XXI

   Цирк Бескапе давал несколько довольно неудачных представлений в Шалоне на Марне, когда однажды вечером, заканчивая одно из упражнений, Джанни услышал, что кто-то из зрителей окликнул его по имени.
   Он узнал собрата, с которым ему в течение многих лет доводилось встречаться в разные времена года в разъездах по Франции. Это был коротенький человечек, коренастый, узловатый, по прозвищу Перешитый, начавший с того, что без балагана, без музыки, прямо на площади стал сажать дюжину людей в тележку и поднимал их затем на собственной спине. Ввиду успеха тележка вскоре была заменена подержанной коляской, обтянутой старой выцветшей кожаной обивкой, добытой в чанах дубильщиков. Наконец, коляска заменилась позолоченной античной колесницей, в которой Перешитый и продолжал поднимать публику. И про удачливого человека, женившегося тем временем на фокуснице, стали поговаривать, что он хорошо зарабатывает своей колесницей и карточными фокусами жены; он кутил в харчевнях, ел дичь и пил запечатанные вина.
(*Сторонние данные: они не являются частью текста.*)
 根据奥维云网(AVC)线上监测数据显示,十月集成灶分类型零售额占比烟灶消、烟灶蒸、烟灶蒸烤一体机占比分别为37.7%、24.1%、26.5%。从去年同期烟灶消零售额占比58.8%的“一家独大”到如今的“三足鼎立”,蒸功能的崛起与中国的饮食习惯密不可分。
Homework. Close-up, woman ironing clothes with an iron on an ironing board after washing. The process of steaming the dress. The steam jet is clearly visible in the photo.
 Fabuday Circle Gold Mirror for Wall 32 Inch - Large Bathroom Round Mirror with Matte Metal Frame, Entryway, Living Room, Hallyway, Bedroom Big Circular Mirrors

   Перешитый поведал Джанни, что приехал слишком поздно, чтобы разложить балаган, и принялся сочувствовать ему, что так мало зрителей присутствует на представлении, горевал о мерзкой погоде, стоявшей все лето, плакался, что ремесло их теперь в таком упадке; иеремиаду свою он сразу оборвал, сказав: «А ведь говорят, малыш, что ты хочешь отделаться от своей колымаги?» А так как Джанни не отвечал ни да, ни нет, он молвил: «Ну, так заходи за мной завтра в Красную Шапку, – мы, может быть, что-нибудь обделаем».

XXII

   Джанни застал Перешитого еще сидящим за столиком в харчевне Красная Шапка. По обеим сторонам Перешитого стояло по две пустых бутылки, и он только что принялся за пятую. На его широком лице, с пунцовыми пятнами возле ушей, с бровями, похожими на клочки белой кроличьей шерсти, и рябом, как Голландия[23], играла в лучах солнца веселость низкопробного забавника, смешанная с мелочной хитростью, светящейся в ясном взоре нормандского крестьянина.
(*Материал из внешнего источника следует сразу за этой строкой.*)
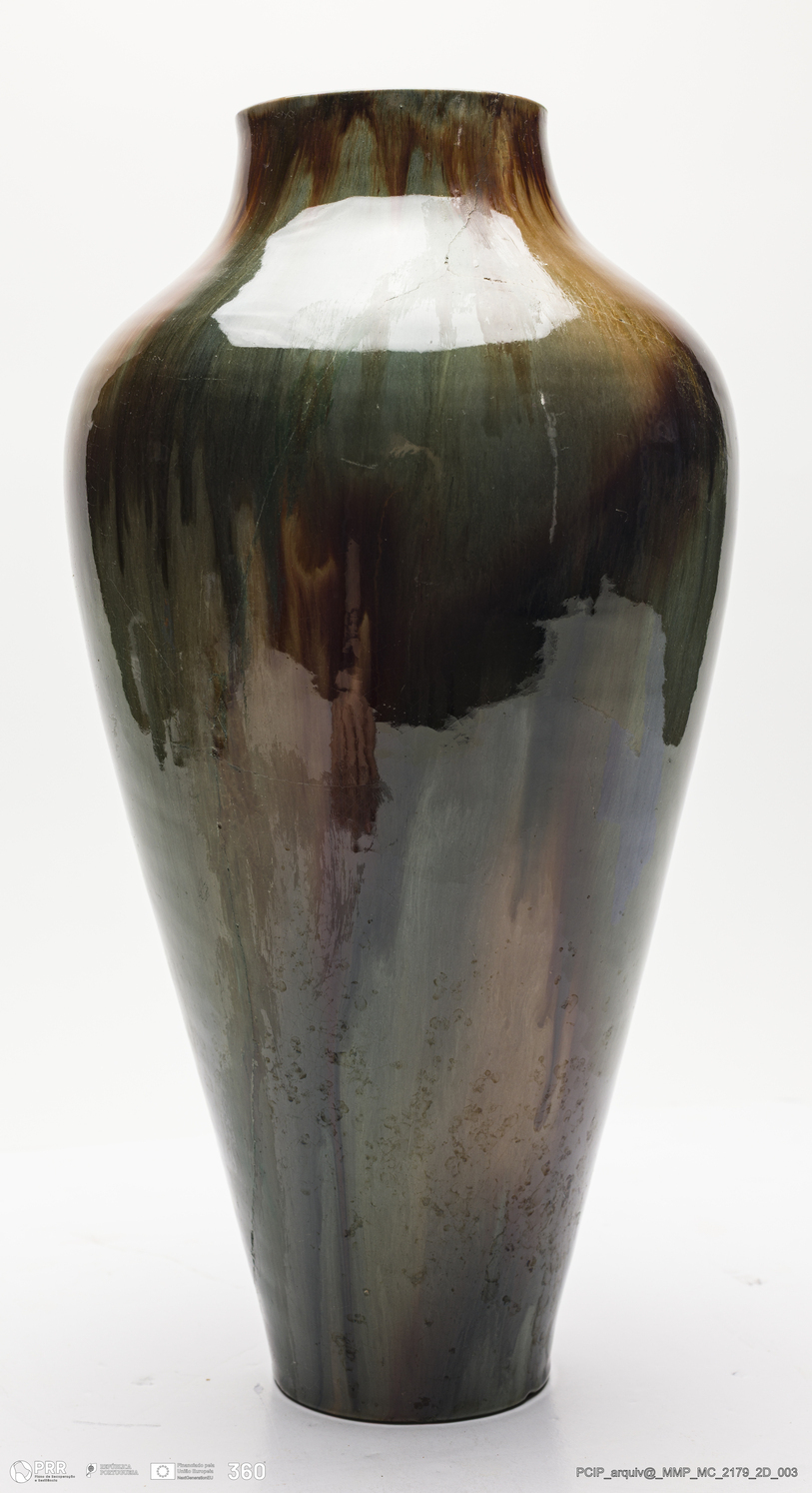 Matéria/Técnica: Barro moldado. Vidrado polícromo: vários tons de verde , castanho; Cronologia: 1885-1905; Autoria: Manuel Gustavo Bordalo Pinheiro / Fábrica Bordalo Pinheiro, Caldas da Rainha, Portugal; Dimensões (cm): Altura: 34; Diâmetro: 19.

   – А, наконец-то! Бери стул и стакан и садись… Итак, папаша Бескапе приказал долго жить!… Я любил его, старую обезьяну… с удовольствием бы проследовал за его прахом… А! И бедовый же был малый! А как, сукин сын, умел проводить простачков! Слушай, молодчик, что я, Перешитый, скажу тебе: славный у тебя был папаша!… Такого уж нового не сыщешь, таких уж земля больше не родит. Пей, поросенок… И сколько же ты хочешь за свою колымагу?
   – Хочу за нее, Перешитый, три тысячи франков.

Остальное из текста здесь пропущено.